== THE RECORDS ==

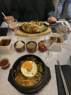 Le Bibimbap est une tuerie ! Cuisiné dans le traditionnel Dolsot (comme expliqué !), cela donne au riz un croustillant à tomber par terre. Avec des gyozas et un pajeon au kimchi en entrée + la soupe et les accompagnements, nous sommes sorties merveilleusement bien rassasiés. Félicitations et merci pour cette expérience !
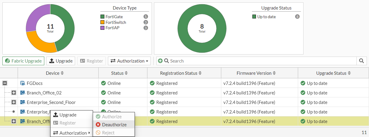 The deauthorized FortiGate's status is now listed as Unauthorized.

===
== THE RECORDS ==

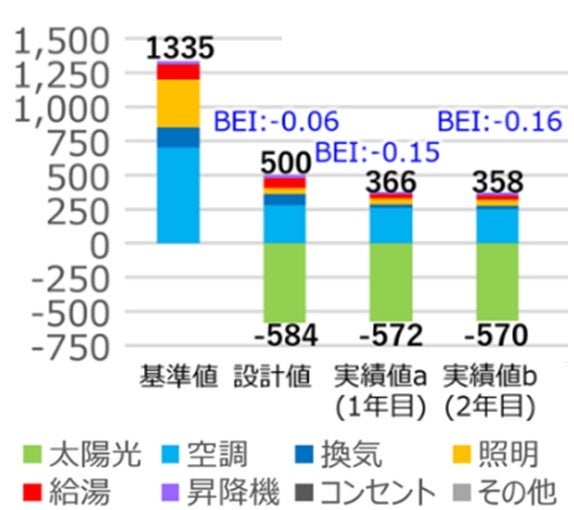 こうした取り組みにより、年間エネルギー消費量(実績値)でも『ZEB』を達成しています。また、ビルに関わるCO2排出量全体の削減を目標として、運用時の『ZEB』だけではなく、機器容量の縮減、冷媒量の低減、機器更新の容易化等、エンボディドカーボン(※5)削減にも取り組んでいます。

===

WHAT TO PRODUCE — Where a picture appears in the records above, omit it, and transcribe exactly the stretch of lines from the one with "Le Bibimbap est" through the one with "The deauthorized FortiGate's".

THE COMPLETED TASK —
 Le Bibimbap est une tuerie ! Cuisiné dans le traditionnel Dolsot (comme expliqué !), cela donne au riz un croustillant à tomber par terre. Avec des gyozas et un pajeon au kimchi en entrée + la soupe et les accompagnements, nous sommes sorties merveilleusement bien rassasiés. Félicitations et merci pour cette expérience !
 The deauthorized FortiGate's status is now listed as Unauthorized.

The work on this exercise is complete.